Task goal: Lift out, unaltered, the lines of the material below between the line holding "一、2014年炼铁淘汰落后和过剩产能企业名单" and the line holding "Solzaima M12F Eco", counting both.

Data:

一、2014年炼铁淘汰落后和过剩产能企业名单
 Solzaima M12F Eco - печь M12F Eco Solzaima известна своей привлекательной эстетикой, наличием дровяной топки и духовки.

---

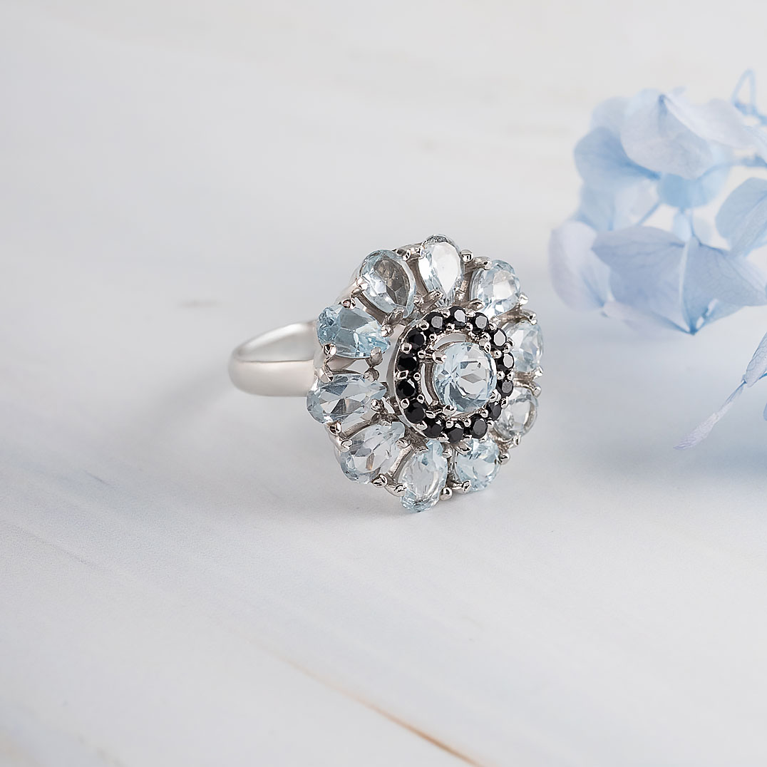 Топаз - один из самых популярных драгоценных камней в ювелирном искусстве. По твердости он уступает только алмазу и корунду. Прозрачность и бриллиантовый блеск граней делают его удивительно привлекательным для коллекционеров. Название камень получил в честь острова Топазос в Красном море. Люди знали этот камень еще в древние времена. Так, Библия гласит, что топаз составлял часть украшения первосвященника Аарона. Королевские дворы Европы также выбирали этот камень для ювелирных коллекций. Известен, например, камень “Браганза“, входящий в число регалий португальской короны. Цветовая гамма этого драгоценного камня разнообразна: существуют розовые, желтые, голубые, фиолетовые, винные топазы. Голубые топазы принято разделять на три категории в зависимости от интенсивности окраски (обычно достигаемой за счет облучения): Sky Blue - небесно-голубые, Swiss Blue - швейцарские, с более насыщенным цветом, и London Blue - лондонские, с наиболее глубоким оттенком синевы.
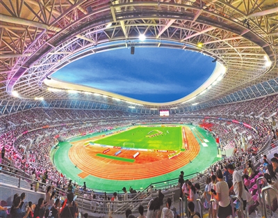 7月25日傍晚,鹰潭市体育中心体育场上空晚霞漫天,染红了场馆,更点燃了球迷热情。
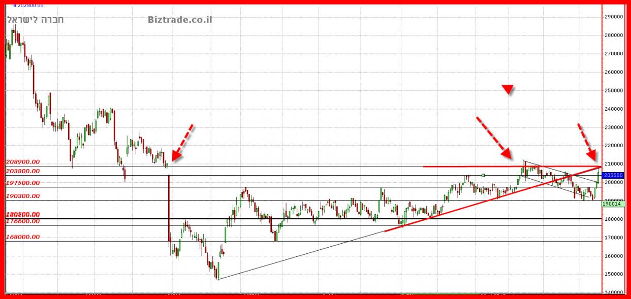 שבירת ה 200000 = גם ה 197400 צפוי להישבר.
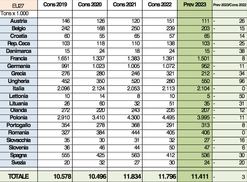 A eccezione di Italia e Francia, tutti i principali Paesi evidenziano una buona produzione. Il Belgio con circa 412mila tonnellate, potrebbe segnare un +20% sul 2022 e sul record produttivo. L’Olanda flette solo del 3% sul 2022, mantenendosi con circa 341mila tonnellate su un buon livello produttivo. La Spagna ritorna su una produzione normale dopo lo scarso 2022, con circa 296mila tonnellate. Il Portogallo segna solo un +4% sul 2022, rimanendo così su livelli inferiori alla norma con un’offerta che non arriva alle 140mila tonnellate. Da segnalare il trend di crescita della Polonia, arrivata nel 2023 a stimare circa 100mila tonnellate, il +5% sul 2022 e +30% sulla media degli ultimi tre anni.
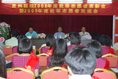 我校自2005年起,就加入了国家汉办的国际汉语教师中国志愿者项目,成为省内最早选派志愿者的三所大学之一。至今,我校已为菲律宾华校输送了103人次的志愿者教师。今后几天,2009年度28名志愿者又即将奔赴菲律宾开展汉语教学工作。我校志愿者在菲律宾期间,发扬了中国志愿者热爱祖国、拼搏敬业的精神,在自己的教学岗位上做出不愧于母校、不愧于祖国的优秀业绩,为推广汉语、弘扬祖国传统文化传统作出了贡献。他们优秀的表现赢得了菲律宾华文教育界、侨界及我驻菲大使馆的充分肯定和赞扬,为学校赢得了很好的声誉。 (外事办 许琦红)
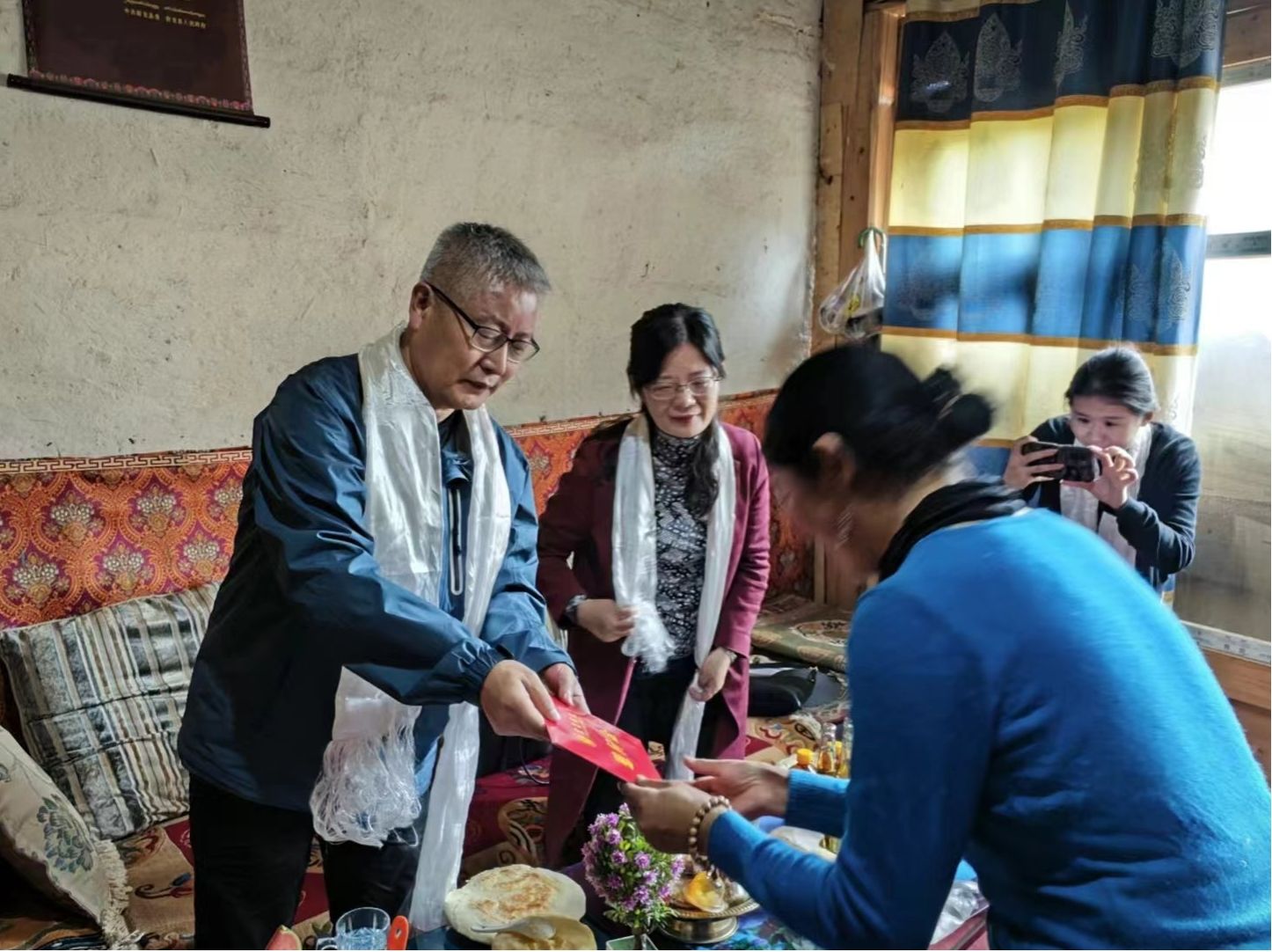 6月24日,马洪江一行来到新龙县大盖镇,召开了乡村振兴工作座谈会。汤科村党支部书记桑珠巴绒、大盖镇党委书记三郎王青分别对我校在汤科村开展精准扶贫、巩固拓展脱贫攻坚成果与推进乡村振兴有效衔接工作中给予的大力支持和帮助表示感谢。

Written response:
一、2014年炼铁淘汰落后和过剩产能企业名单
 Solzaima M12F Eco - печь M12F Eco Solzaima известна своей привлекательной эстетикой, наличием дровяной топки и духовки.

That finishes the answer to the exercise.